In short, all of these men and women wished to lead, though it was doubtful whether they could gain the trust of the population. Lest one misread the tea leaves, the real and effective opposition today is the one that roams on Syrian streets, free of machinations that promise high-rises but deliver shanty-towns.
To some extent, the cacophony of leaderships in the Syrian opposition is a clear success story for the Baath Party that stifled freedom of thought for well over four decades, and prevented the rise of alternatives. Nevertheless, what is clearly missing from the equation is the emergence of a unified voice that can rally various political preferences towards a single goal.
In fact, in Istanbul, the wise old Hakim Al Malek declared that young activists had a golden opportunity to install democratic institutions, and ought not waste the moment with internal squabbling over marginal issues. He recommended that the NSC settle on a transitional leader, much like in Libya, to accelerate the change rather than fall victim to the gap-in-leadership argument.
If Tunisians, Egyptians, Syrians, Libyans and Yemenis, among others, have taken up arms against autocrats, the hope was to quickly pass through transitional phases. No one contemplated political vacuums even if that is precisely what the Arab uprisings face a few months after epochal demonstrations brought down several entrenched regimes.

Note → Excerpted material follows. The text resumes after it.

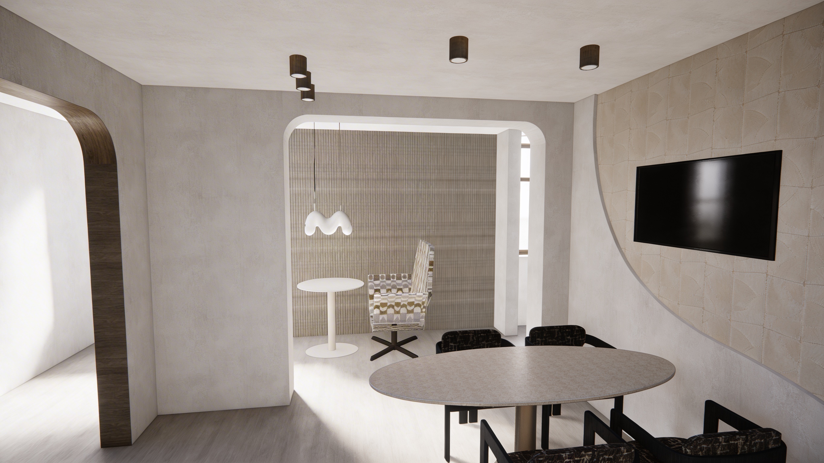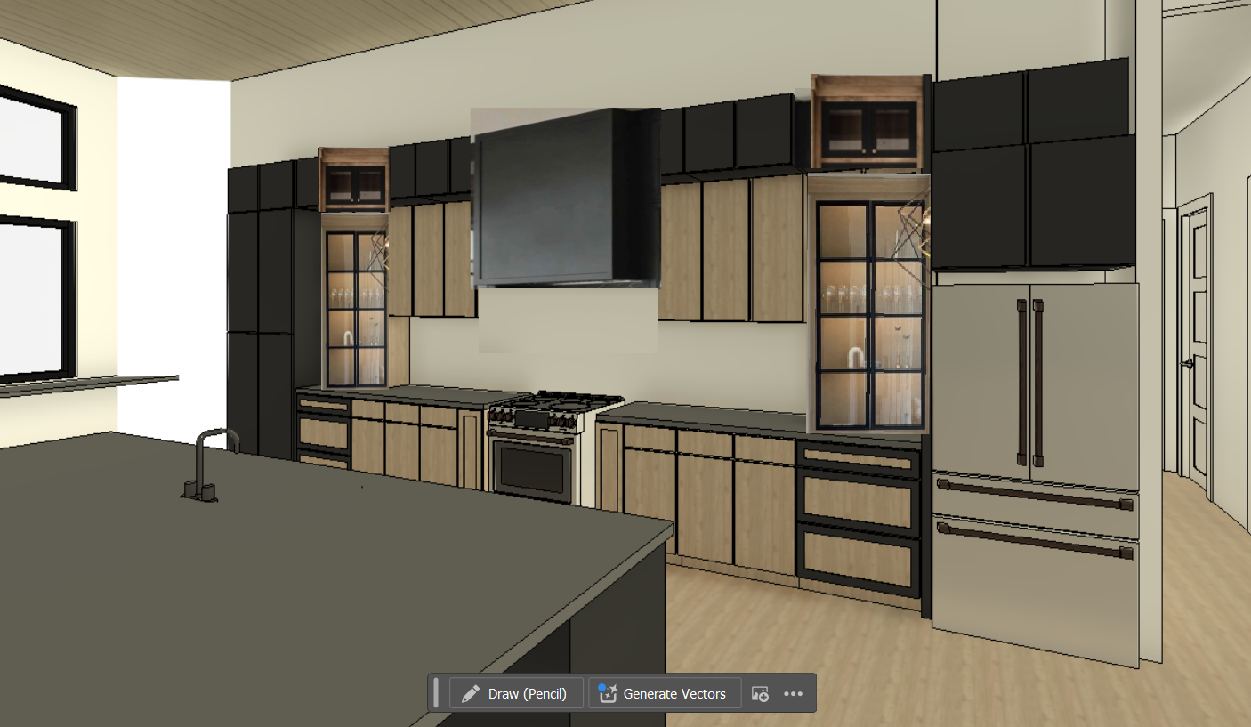 you are an experienced interior design and 3d visualization specialist with a deep understanding of transforming conceptual artwork into photorealistic immersive 3d environments i seek your expertise to convert an illustrator rendering composed of pasted snippets into a fully realized lifelike 3d live image of a kitchen space please focus on the following aspects accurately interpret the existing 2d illustrator design preserving its layout proportions and stylistic intent develop a detailed 3d model of the kitchen including architectural elements cabinetry appliances fixtures and finishes apply realistic materials and textures that reflect authentic surface qualities such as wood grain metal glass and stone integrate advanced lighting techniques to simulate natural and artificial light sources ensuring proper shadows and reflections enhance spatial realism through accurate perspective depth and scale making the scene immersive incorporate subtle environmental details such as decor utensils and ambient effects to bring the kitchen to life optimize the final rendering for high resolution and clarity suitable for professional interior design presentations leverage your advanced skills in 3d modeling and interior visualization to transform the initial 2d artwork into a compelling and realistic representation that effectively communicates the design concept your expertise will be critical in achieving a visually stunning and authentic kitchen environment this is modern rustic with a calacatta backplash and please make the cabinets with the windows i placed on each side to be angled like the other cabinets and realistic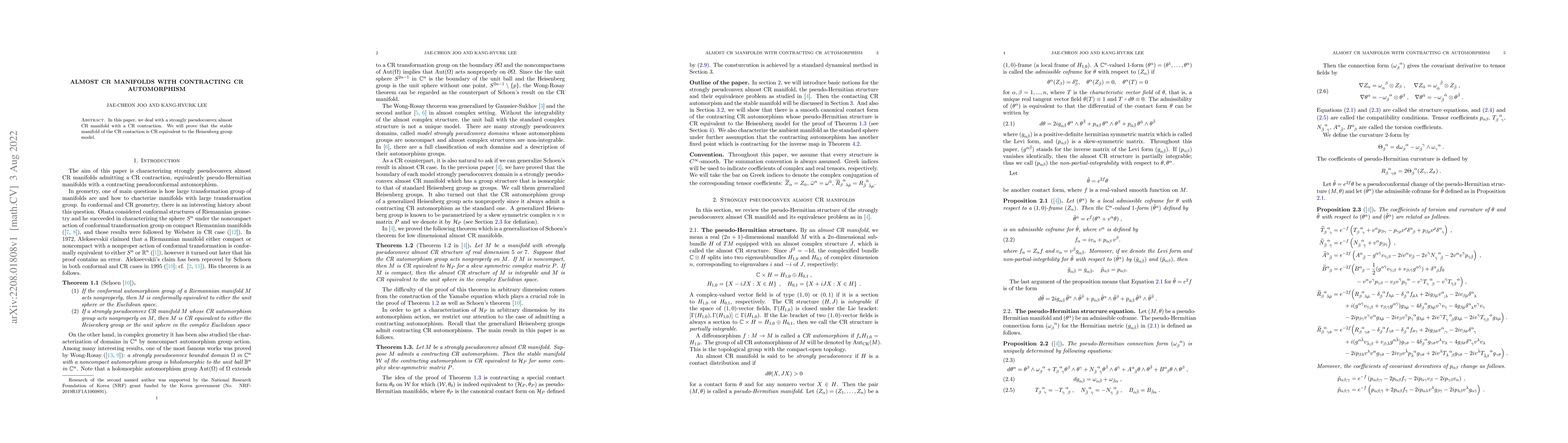 Summary: This paper investigates a strongly pseudoconvex almost CR manifold featuring a CR contraction, proving that the stable manifold of this contraction is CR equivalent to the Heisenberg group model.

It behooves dedicated men and women not to fall into false promises that totally free and democratic institutions could quickly replace existing systems. On the contrary, the slogs will be hard and long lasting, with a myriad dangers looming over the horizon.
Just as Arabs demonstrate their opposition to stale regimes, foreign powers are secretly laying claim to the spoils of unrest and wars. Some fear, for example, that Turkey will ‘share’ parts of Syria, while Libya and Yemen remain on the brink of permanent divisions.
Many of the problems that exist today among opposition forces cannot be brushed under the table. They must be honestly addressed lest they aggravate wobbly confidence measures haphazardly agreed to by well meaning but poorly prepared aspirants. Like Lawrence of Arabia, who was tortured by Ottoman soldiers when he was briefly captured at Daraa, opposition leaders would do well to manage their guilt over the fact that few kept their promises. Ultimately, it is up to them to step up to the plate, end tangential disputes, and truly represent people who deserve to live in peace.
Dr Joseph A. Kechichian is a commentator and author of several books on Gulf affairs.